I am not being able to find some paper or book that dwells on this problem ,if you can recommend me anything there would be great.
I will first state the general problem and some subproblems that I have solved. And that the questions I could not solve that are for me interesting.
Problem: How many expression are there of a given lenght ,more exactly having a total number of symbols S that can be subdivided in a set of operations O and a set of terminals T, how many total valid expressions are possible of size n?

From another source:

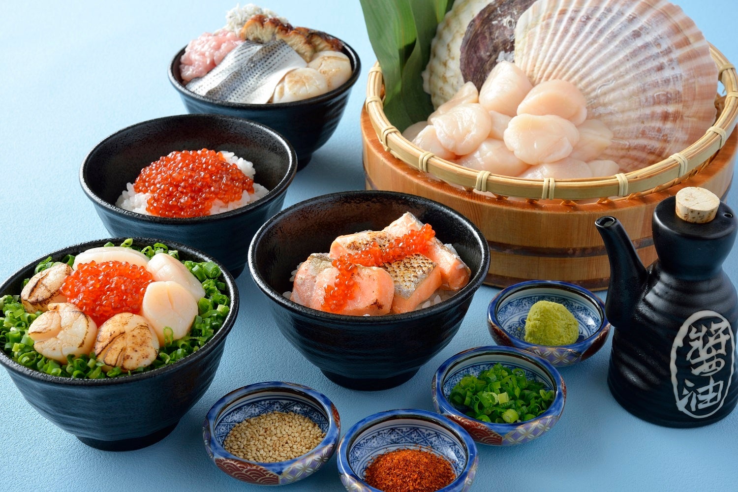 当ホテル1階のレストラン「ジョージタウン」の朝食ビュッフェは、北海道紋別産ほたての刺身やねぎとろ、小肌など、お好みでカスタマイズできる海鮮丼が人気です。こちらの朝食ビュッフェは、ご宿泊以外のお客さまもご利用いただけます。振る舞い酒とともにぜひご賞味ください。
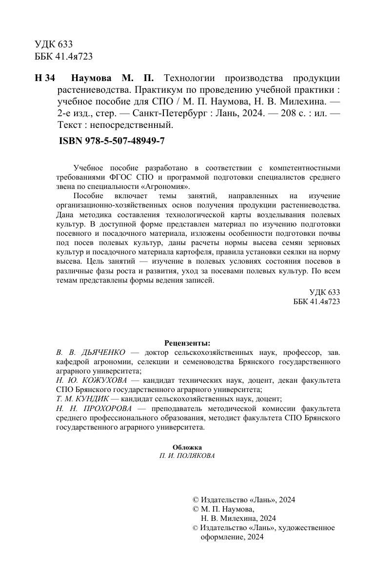 Технологии производства продукции растениеводства. Практикум по проведению учебной практики

For instances with the set $O = \{+,-,/,* \}$ , and $T = \{a,b\}$ and $S = T \bigcup O$ a valid expressions of size 5 (in prefix notation) can be [+-aba] that translates to $(a-b)+a $, this represents an expression of lenghth 5. Let's represents the set of all expressions with this lenght and this operations and this terminals: $EXP_{O,T}^5$. And generically $EXP_{O,T}^n$ is the set of all the operations with a lenght n.

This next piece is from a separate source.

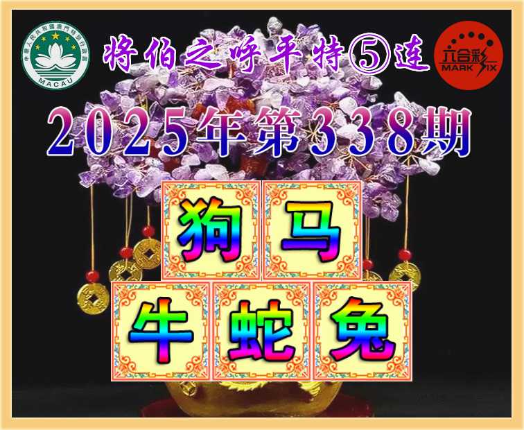 338期: 👑《将伯之呼》 👑平特⑤连👑【狗马牛蛇兔】开:狗08,马48,牛41,蛇25,兔15

Subproblem 1: For instance considering only operations that have as input 2 terms and as output 1 term (binary operators), and calling that set $O_2$, considering that an expressions is in prefix notation after some dwelling some considerations can be made:
Assert 1: The number of operators in a expression is equal to the number of terminals +1. (can be proven by strong induction)
Assert 2: There are not expressions with an even dimension (can be proven by strong induction)
Assert 3: In evaluating a valid expression , the evaluation ends when the number of terminals counted is equal to the number o operators +1. (it is basically a consequence of 1)
Conclusion: this allow us to relate this problem to the Catalan numbers , and it is made obviously by comparing it to the number of possible valid parenthesis expressions. (substituting every terminal by ")" and every operator by "(" )
[+-a+bcd] -> [(()()) )] so the number of valid expressions of size n are equal to the number of (n-1)/2 pairs of parenthesis sequences.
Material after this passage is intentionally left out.